In 1984, Halpern defined it as “the ability to form new combinations of ideas to fill a need.”

An idea glimpsed, walked forward until it finds its intended outcome—innovation. Guilford spoke of the ability to produce, of nonconformists, open minds, or exploratory behaviors (to explore, probe, and wonder), seeking to grow by expanding knowledge through divergent thinking.

Ancient civilizations like Greece or India saw art as discovery. The Greek word poein means “to make” and was applied to poetry and the poet who composed it. Yet Plato firmly declared that “art” was skill, never to be considered creativity.

In those possible origins of ours, art was simply knowing how to do something according to established rules—the artist’s inventiveness was null. Respect was owed to the proper use of a chisel to carve a female statue, the specific details permitted or not, the number of verses or figures in a poem.

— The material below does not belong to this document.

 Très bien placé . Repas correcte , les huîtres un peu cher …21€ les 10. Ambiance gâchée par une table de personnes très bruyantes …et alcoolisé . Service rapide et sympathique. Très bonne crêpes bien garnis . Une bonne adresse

A Monet painting could not have been created in that time, despite the fact that it was the cradle of much of today’s knowledge. One could endlessly debate not only the concept of creativity itself but also the brain, the tasks divided between the hemispheres, how one excels in certain abilities, and how their connection enables originality—whether the goal is recognition or simply the pursuit of perfection.

So many theories, even more realities. Hypotheses—how many! Absolute truths that we all think we have, but perhaps, together, they were not so far-fetched—maybe even close to the creator’s feeling.

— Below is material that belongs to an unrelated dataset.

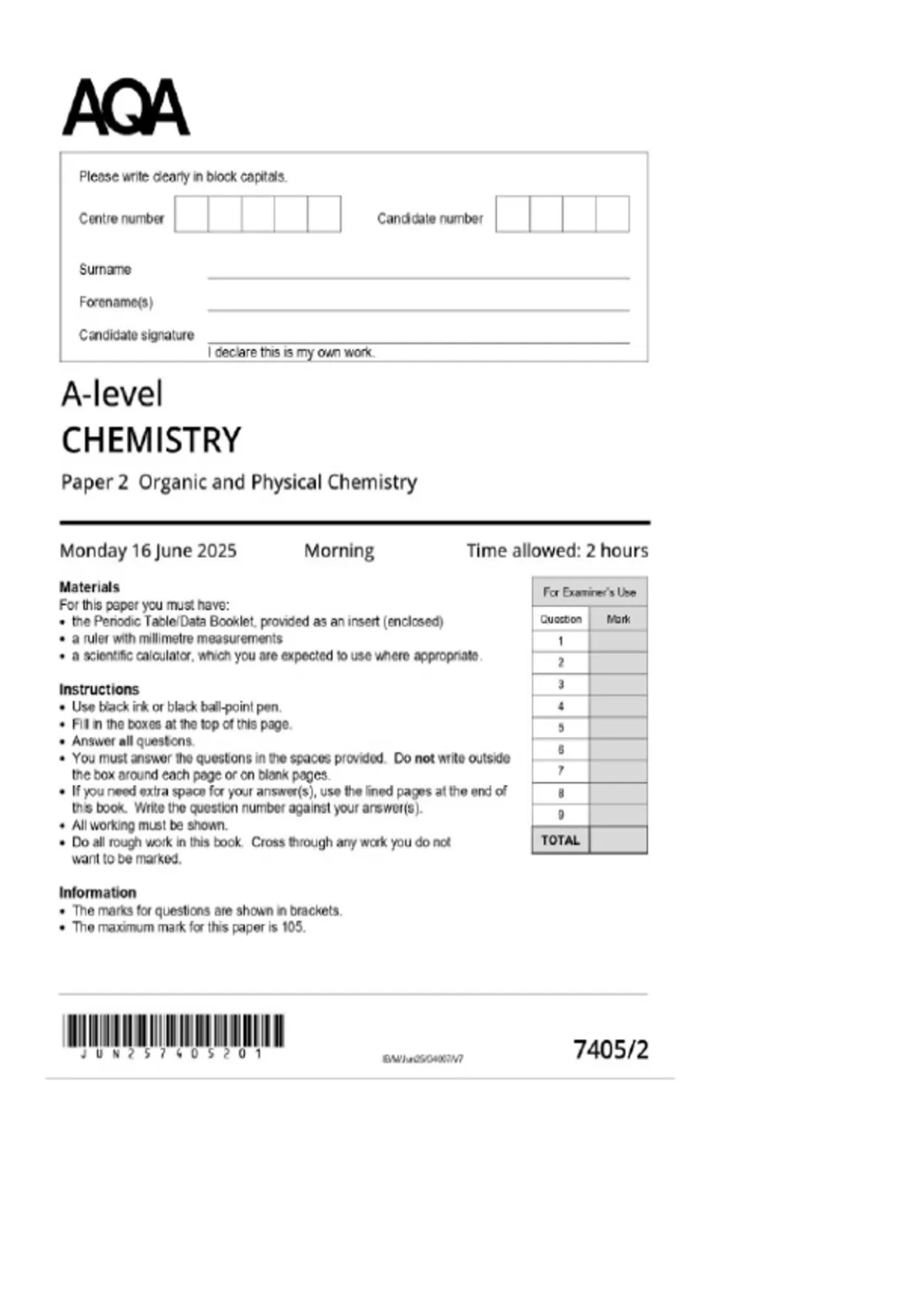 aqa a level chemistry paper 2 2025 merged with mark scheme

We could fill many pages and converse endlessly about this concept. Each person should weigh it against their own experience and point of view. For me, Creativity is to give life and form—real or unreal—with complete freedom, without limits to imagination, starting from an idea or spark that some person, circumstance, scent, color, feeling, or memory ignites, setting my neurons into motion, so that with my sensitivity and senses, I may transmit something to another human being.

It comes very close to what a great and controversial artist, Lucio Fontana, once said: “The artist is not at the service of society or culture, he creates to recreate, to feed human feeling.”

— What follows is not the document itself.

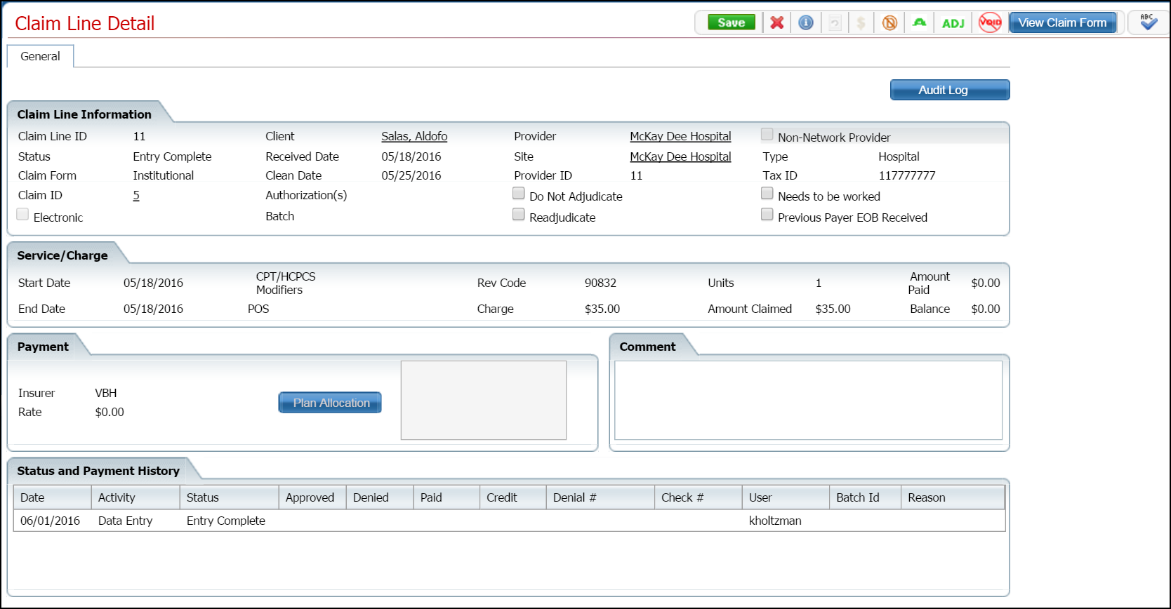 Click the hyperlinked claim line number in the Claim Line column for the client's claim you want to delete.

And where do we find creativity? In life itself, all around us, at every instant—art at our full disposal and enjoyment: Music, Mathematics, Literature, Science, Painting, Sculpture, and even in our way of living and being ourselves, in our work, in our ability to resolve problems or circumstances.

There too is creativity. Innovation in every sense. Often, all it takes is knowing how to look.

And I want to close with three quotes I love:

Piaget: “Creativity is the final form of symbolic play in children, when it is assimilated into their thinking.”

De la Torre: “If defining is to fence in a field of ideas with words, creativity would be like an ocean of ideas overflowing a continent of words.”

Matisse: “To create is to express what one has within oneself.”

Creativity

It is the spark, it is love

it is doubt, it is shadow

in our mind

that quickens heartbeats

and scatters through our fingers,

magic.

It is the muse, the scent

the concept, the illusion.

Creator of creators,

odes to life

that explode emotions,

that generate movement,

progressing the world

in which we live.

One of his phrases:

“A hole is the start of a sculpture in space. My works are not pictures, but art concepts.”

His works and his concepts—that will be another story.

Soon.

Notes.-

  • Louis León Thurstone was an American mechanical engineer and psychologist, a pioneer in the fields of psychometrics and psychophysics. He wrote Primary Mental Abilities, The Nature of Intelligence, and more. His main interest focused on factor analysis and the intelligence quotient.
  • Silvano Arieti was an intuitive, humble, generous, creative, and sensitive man. In his work, he stated that there are two premises for the creative process: the spiritual life of the person and the external conditions, which he called “contingencies.” If you can, read his book Creativity: The Magic Synthesis.
  • Lucio Fontana, an Argentine painter, ceramist, and sculptor. In 2016, he received an award in the contest of the Consulate General of Italy in Buenos Aires. The winners could stay in Italy for two months, in order to develop in contact with the Italian cultural and artistic environment and, in particular, with the realities of contemporary art.